- Kurmuk Location within Ethiopia
- Coordinates: 10°33′25″N 34°17′44″E﻿ / ﻿10.55694°N 34.29556°E
- Country: Ethiopia
- Region: Benishangul-Gumuz
- Zone: Asosa Zone
- Elevation: 653 m (2,142 ft)

Population (2005)
- • Total: 554
- Time zone: UTC+3 (EAT)

= Kurmuk, Ethiopia =

Kurmuk (also known as Kormuk) is a town in western Ethiopia. Located in the Asosa Zone of the Benishangul-Gumuz Region, Kurmuk has an elevation of 653 meters above sea level.

In 1962, Kurmuk was connected to Asosa by a dry-weather road, "rough but passable by trucks" according to the Highway Authority. However, by 1996 travel by this road was "discouraged for safety reasons."

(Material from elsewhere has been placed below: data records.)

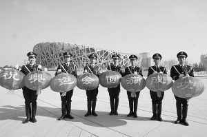 “好運(yùn)北京”2008年中國(guó)游泳公開(kāi)賽在國(guó)家游泳中心“水立方”拉開(kāi)帷幕。盡管游泳館里的助威聲不絕于耳,但擔(dān)任場(chǎng)外警戒任務(wù)的官兵依然全神貫注地站在哨位上。討論中,說(shuō)起當(dāng)時(shí)的感受,在停車場(chǎng)執(zhí)勤的一級(jí)士官齊健說(shuō):“雖然我很想走進(jìn)賽場(chǎng)觀看比賽,但我更清楚自己的職責(zé)。過(guò)些天,北京奧運(yùn)會(huì)召開(kāi)時(shí),如果我依然被安排在場(chǎng)外執(zhí)勤,我會(huì)以更高的標(biāo)準(zhǔn)完成任務(wù)。守好自己的哨位,確保奧運(yùn)安全,就是為國(guó)爭(zhēng)光!
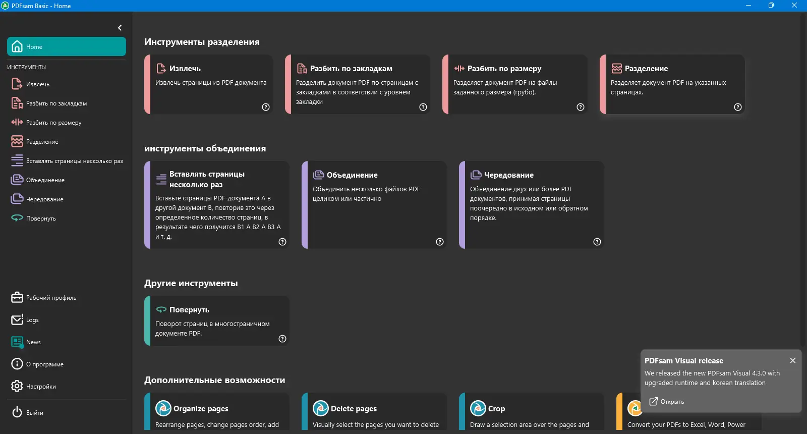 - Поддержка основных операций с PDF, включая разделение, объединение и редактирование.
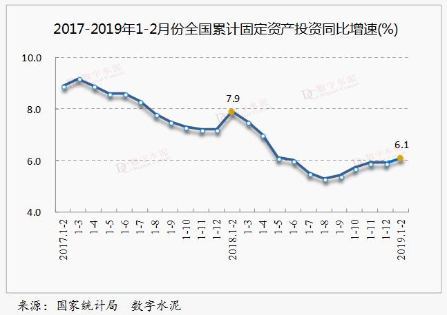 2019年1-2月份,全國固定資產投資(不含農戶)4.48萬億元,同比增長6.1%,增速比2018年全年提高0.2個百分點,低于去年同期1.8個百分點。從環比速度看,2月份固定資產投資(不含農戶)增長0.43%。
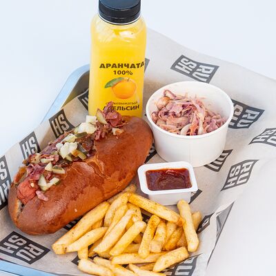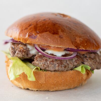 Булочка бриошь, соус гриль, соус острая сальса, соус демиглас сырный, томленая говядина, лук фиолетовый, руккола, лук карамелизованный с черникой, сыр чеддер
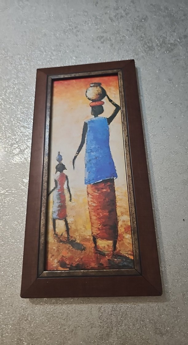 Çerçeveli bu tabloda, geleneksel kıyafetli iki figür yer alıyor, biri başında bir çömlek taşıyor. Canlı ve koyu renkler kullanılmış. ️
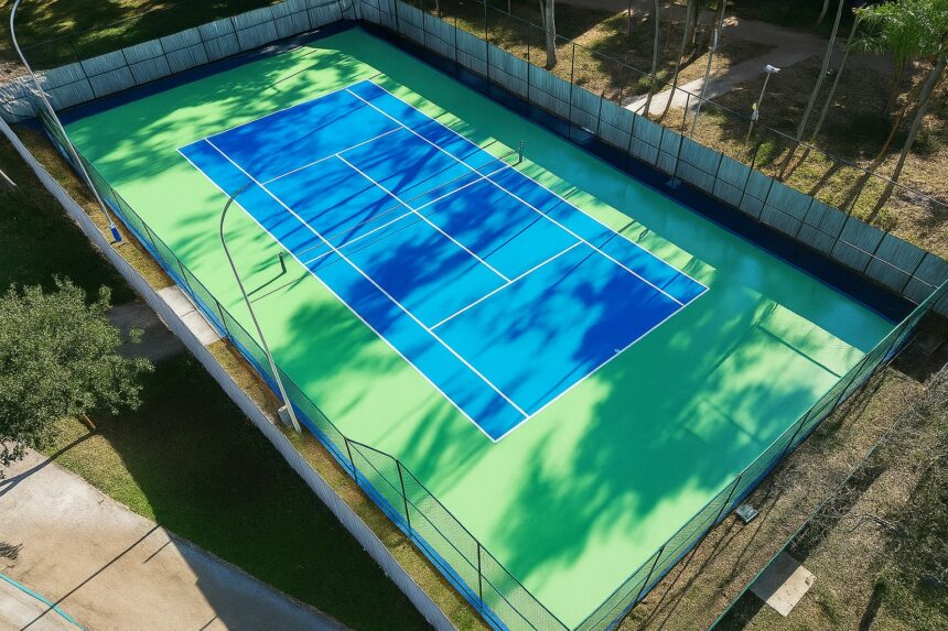 Os serviços incluem, entre outras ações, a revisão e execução de calçadas perimetrais, o reforço estrutural do alambrado — com avaliação dos portões de acesso e substituição da tela, caso necessário —, instalação de placas de sinalização e orientação de uso, a restauração do piso em concreto — com demolição e reexecução, recuperação de fissuras, lixamento, lavagem e pintura —, substituição e pintura das traves de futebol e tabelas de basquete, incluindo as redes, e a troca ou reforço da iluminação.
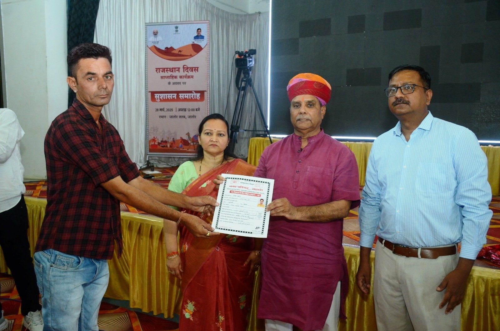 जालोर 28 मार्च। राजस्थान दिवस के उपलक्ष्य में प्रदेशभर में साप्ताहिक महोत्सव के तहत विभिन्न कार्यक्रम आयोजित किए जा रहे हैं। इसी क्रम में मुख्यमंत्री श्री भजनलाल शर्मा शुक्रवार को भीलवाड़ा से राज्य स्तरीय विकास एवं सुशासन उत्सव में विभिन्न जिलों के लाभार्थियों से वर्चुअल जुड़े। जिला स्तरीय सुशासन समारोह जालोर क्लब में राजस्थान विधानसभा के मुख्य सचेतक जोगेश्वर गर्ग के मुख्य आतिथ्य में आयोजित हुआ।राज्य स्तरीय समारोह में मुख्यमंत्री श्री भजनलाल शर्मा ने समारोह को सम्बोधित करते हुए कहा कि आपणो अग्रणी राजस्थान के सपने को साकार करने के लिए राज्य सरकार ने सुशासन के जरिये प्रदेश के विकास को नई गति प्रदान की है। इस दौरान उन्होंने विभिन्न विभागों की महत्वपूर्ण योजनाओं के दिशा-निर्देश जारी करने के साथ ही 10 हजार करोड़ रुपये के विभिन्न विकास कार्यों का लोकार्पण एवं शिलान्यास किया।आयोजन में श्री शर्मा द्वारा डेलीगेशन के आदेश, फायर एनओसी प्राप्त करने की प्रक्रिया के सरलीकरण के आदेश, नए जिलों में डीएमएफटी के गठन के आदेश, राजस्थान सर्कुलर इकॉनॉमी इन्सेन्टिव स्कीम के दिशा-निर्देश, पंडित दीनदयाल उपाध्याय शहरी विकास योजना के दिशा-निर्देश, हरित अरावली विकास परियोजना एवं अन्नपूर्णा भण्डार के दिशा-निर्देश जारी करने के साथ ही प्रत्येक जिले की पंचगौरव बुकलेट भी जारी की। विशेष रूप से मुख्यमंत्री श्री शर्मा पत्रकारों की हेल्थ कवरेज योजना (आरजेएचएस) का शुभारम्भ भी किया। मुख्यमंत्री द्वारा सब रजिस्ट्रार कार्यालय का समय सप्ताह में 2 दिन सुबह 8 बजे से रात्रि 8 बजे तक करने के दिशा-निर्देश जारी करने के साथ ही राजस्थान सम्पर्क 2.0 पोर्टल का शुभारम्भ एवं चिकित्सा ऐप भी लॉन्च किया तथा ई-गवर्नेंस अवार्ड भी प्रदान किए।

Based on figures from the Central Statistical Agency, in 2005 this town has an estimated total population of 554, of whom 297 were males and 257 were females. According to the 1994 national census, its total population was 322, of whom 172 were males and 150 were females. It is the largest settlement in Kurmuk woreda.

The Italian colonial battalion stationed at Kurmuk attacked its twin in Sudan, Kurmuk, 7 July 1940, which was held by Bimbashi Mervyn Bell, with three British auxiliaries and 51 police. Bell eventually withdrew his men in good order, allowing the Italians to capture Kurmuk. Kurmuk was taken from the Italians by the British several months later on 14 February 1941. At the end of 1985, the Sudan Peoples Liberation Army (SPLA) set up bases in the hills across the Ethiopian border, south of Kurmuk . The Ethiopian National Defense Force provided the SPLA with support when they launched a cross-border raid into Sudan in 1997.